Task objective - The records below are to be restated word for word, with their images omitted.

═════ Data listing

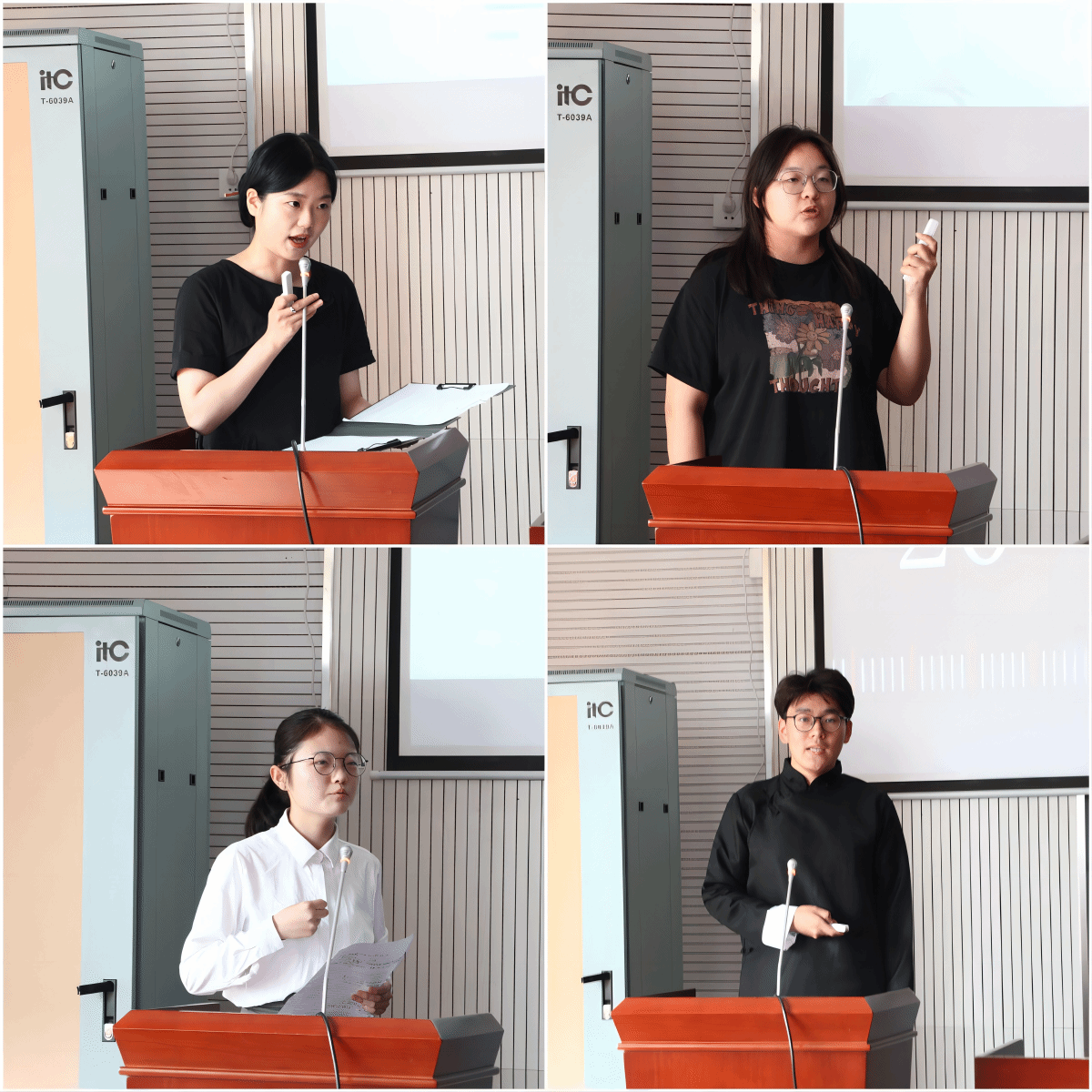 经过各学院初审推荐,20位参赛同学依次上台,通过 PPT 展示和演讲相结合的形式,分享自身读书心得。他们的汇报涵盖文学、历史、新闻学等多个领域,既有对经典作品的探讨,也有对经典作品在新时代下的新解读。金婷同学通过《触摸历史与进入五四》一书,分享自己的阅读方法和读书笔记,带领现场观众触摸历史脉搏,重回激情燃烧的五四岁月,并在历史与现实交织中,鼓励同学们以优秀青年学子为榜样,勇于追求真理与理想;苗飒飒同学就《牛虻》一书分享了她的阅读心得,并对这本书的主旨思想进行了深入探讨和分析,“信仰是心灵的太阳,没有信仰,心灵便是一片黑暗。”青年人需要有追求,需要有信仰,她希望青年人能够通过对书籍的阅读找寻自己心灵宁静之处;孙诗语同学通过一步步对《平凡的世界》的解读,带领着同学们看到艰苦时代下普通人在面对困境时的选择和奋斗,展现人民坚韧不拔的精神风貌,最后她鼓励大家应当怀揣着使命感和责任感去奋斗,为实现中华民族伟大复兴作出自己的贡献。
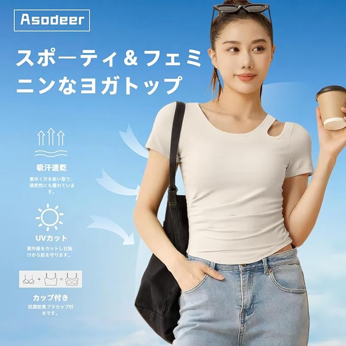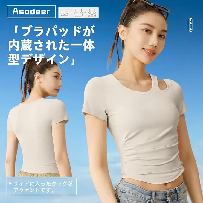 [Asodeer] ヨガウェア レディース トップス プラクティスシャツ 半袖 tシャツ アシンメトリーカッティング カップ付き 吸汗速乾 ショート丈 ストレッチ バレエ テニス フィットネス 運動用
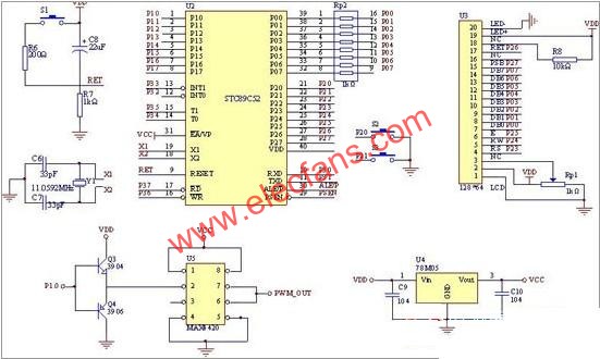 图4.1单片机及外围电路原理图
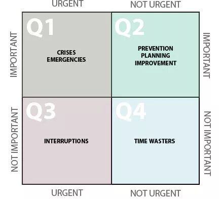 Q1的任务不能避免,又很紧急,比如有严格截止日期的紧急任务、家庭事务、健康问题等,采取积极主动的态度,是节省花在这部分时间的最好方法。
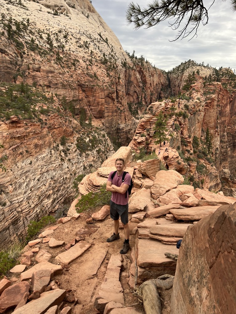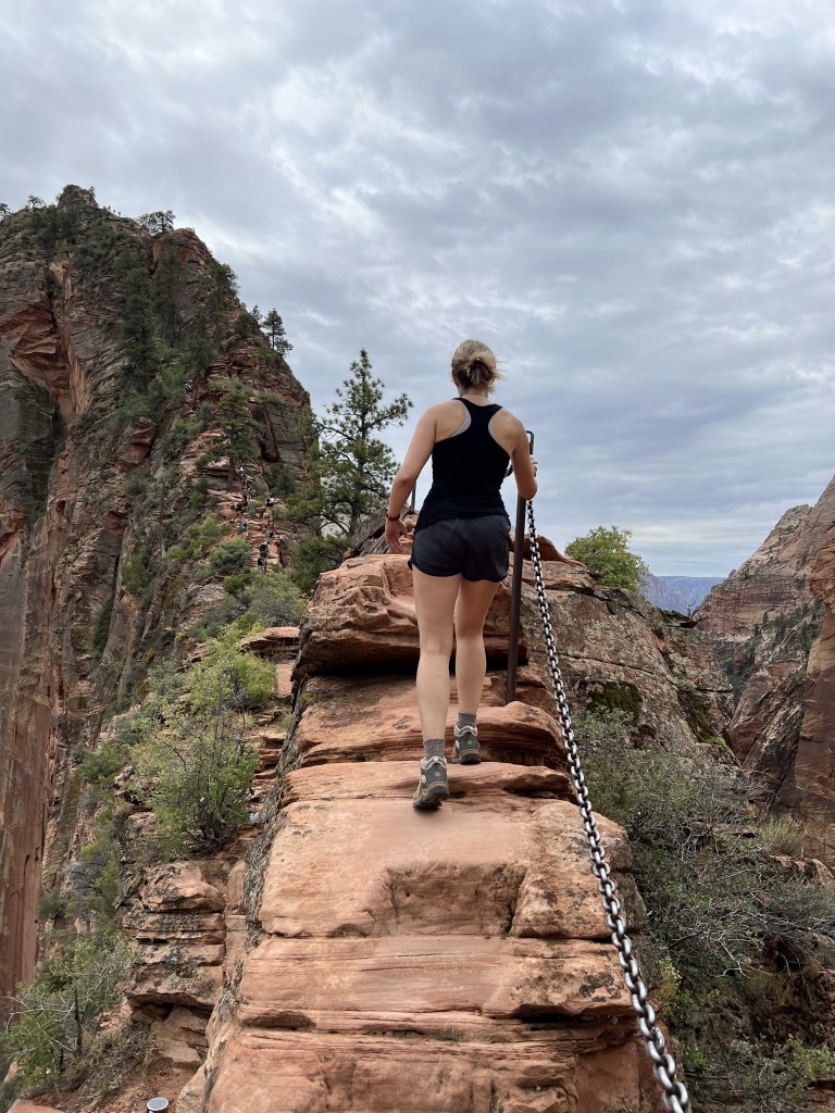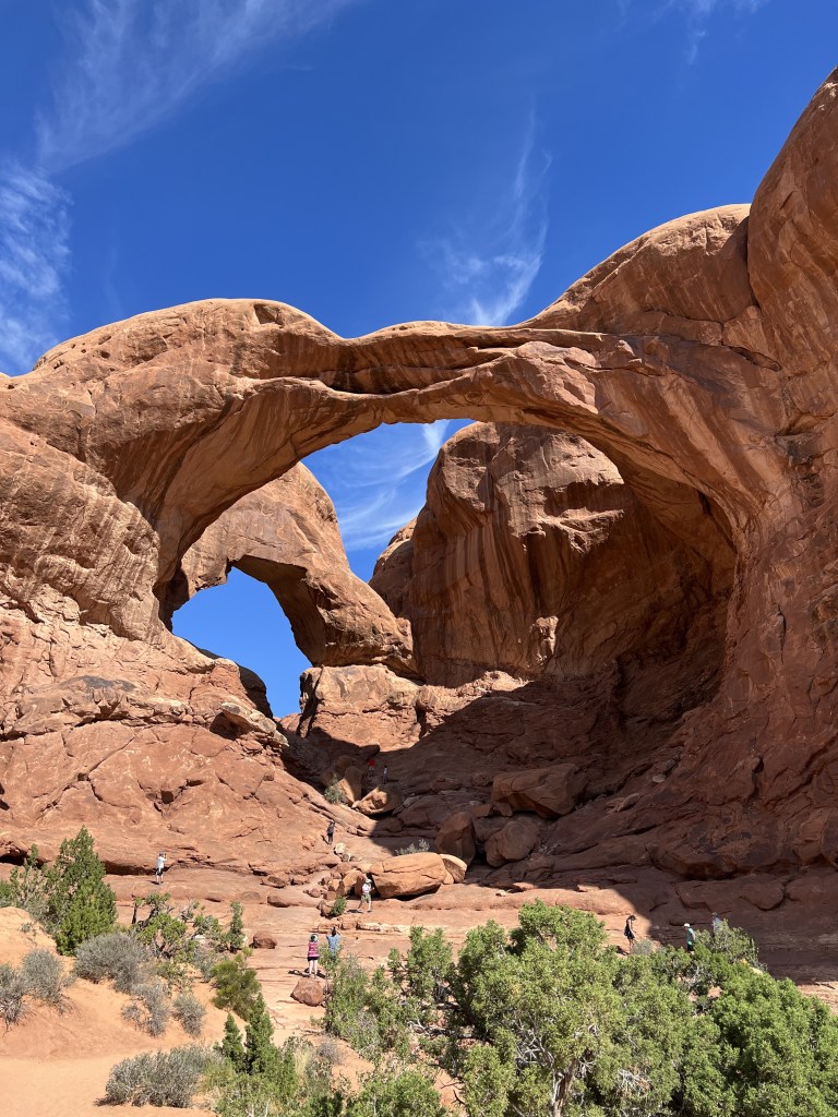 Our next stop was Moab, Utah. This is the gateway to several national parks and adventure activities – we were were here to see Arches National Park. This was such a cool area and the arches really speak for themselves. Get up early to beat the heat if you’re there in summer like we were. We gave ourselves the first half of the day to explore the highlights of this park before driving to our next destination. We signed up the night before for a timed entry – we got 6-7am, so we entered around 6:30am and got to the Delicate Arch trail at 7am. The Delicate Arch is a must see and a dynamic 3.5 mile round trip. The other arches we targeted (Landscape Arch and Double Arch) were a pretty easy < 1 to 2 mile hike. After a long morning we left the park by 12pm to start our next 5+ hour drive to Zion.
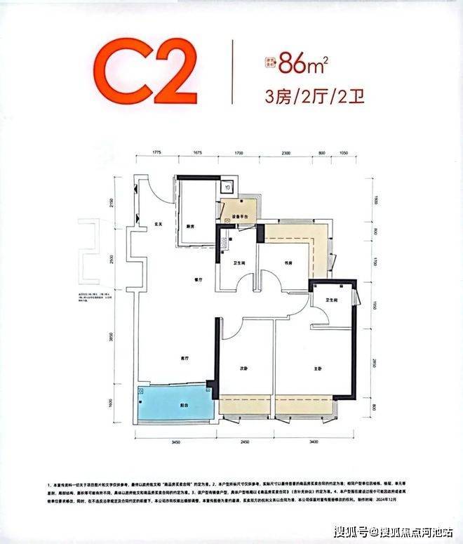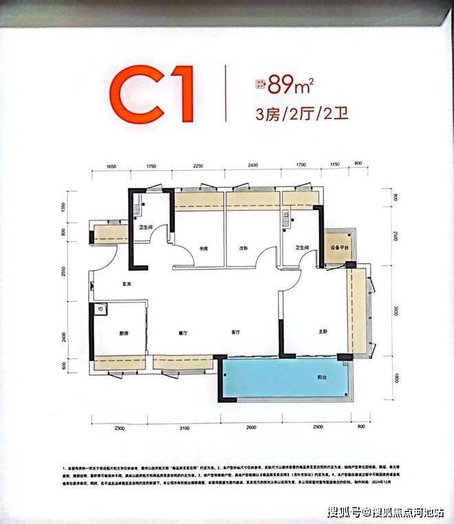 89㎡的3房2厅2卫,设计的是横厅南北通透格局,进门入户玄关,客餐厅5.7米开间,LDKB一体化,四开间朝南,3个卧室分别做到了主卧11.42㎡/次卧7.31㎡/次卧6.93㎡(实测面积,去掉墙体),主卧还带1个设备平台,主卧连接客厅出5.5米长的超大阳台,U型厨房,卫生间三段式分离,赠送面积高达20.09㎡,实际得房率约101%(包含赠送),西南/东南朝向。

══════════

Answer section -
 经过各学院初审推荐,20位参赛同学依次上台,通过 PPT 展示和演讲相结合的形式,分享自身读书心得。他们的汇报涵盖文学、历史、新闻学等多个领域,既有对经典作品的探讨,也有对经典作品在新时代下的新解读。金婷同学通过《触摸历史与进入五四》一书,分享自己的阅读方法和读书笔记,带领现场观众触摸历史脉搏,重回激情燃烧的五四岁月,并在历史与现实交织中,鼓励同学们以优秀青年学子为榜样,勇于追求真理与理想;苗飒飒同学就《牛虻》一书分享了她的阅读心得,并对这本书的主旨思想进行了深入探讨和分析,“信仰是心灵的太阳,没有信仰,心灵便是一片黑暗。”青年人需要有追求,需要有信仰,她希望青年人能够通过对书籍的阅读找寻自己心灵宁静之处;孙诗语同学通过一步步对《平凡的世界》的解读,带领着同学们看到艰苦时代下普通人在面对困境时的选择和奋斗,展现人民坚韧不拔的精神风貌,最后她鼓励大家应当怀揣着使命感和责任感去奋斗,为实现中华民族伟大复兴作出自己的贡献。
 [Asodeer] ヨガウェア レディース トップス プラクティスシャツ 半袖 tシャツ アシンメトリーカッティング カップ付き 吸汗速乾 ショート丈 ストレッチ バレエ テニス フィットネス 運動用
 图4.1单片机及外围电路原理图
 Q1的任务不能避免,又很紧急,比如有严格截止日期的紧急任务、家庭事务、健康问题等,采取积极主动的态度,是节省花在这部分时间的最好方法。
 Our next stop was Moab, Utah. This is the gateway to several national parks and adventure activities – we were were here to see Arches National Park. This was such a cool area and the arches really speak for themselves. Get up early to beat the heat if you’re there in summer like we were. We gave ourselves the first half of the day to explore the highlights of this park before driving to our next destination. We signed up the night before for a timed entry – we got 6-7am, so we entered around 6:30am and got to the Delicate Arch trail at 7am. The Delicate Arch is a must see and a dynamic 3.5 mile round trip. The other arches we targeted (Landscape Arch and Double Arch) were a pretty easy < 1 to 2 mile hike. After a long morning we left the park by 12pm to start our next 5+ hour drive to Zion.
 89㎡的3房2厅2卫,设计的是横厅南北通透格局,进门入户玄关,客餐厅5.7米开间,LDKB一体化,四开间朝南,3个卧室分别做到了主卧11.42㎡/次卧7.31㎡/次卧6.93㎡(实测面积,去掉墙体),主卧还带1个设备平台,主卧连接客厅出5.5米长的超大阳台,U型厨房,卫生间三段式分离,赠送面积高达20.09㎡,实际得房率约101%(包含赠送),西南/东南朝向。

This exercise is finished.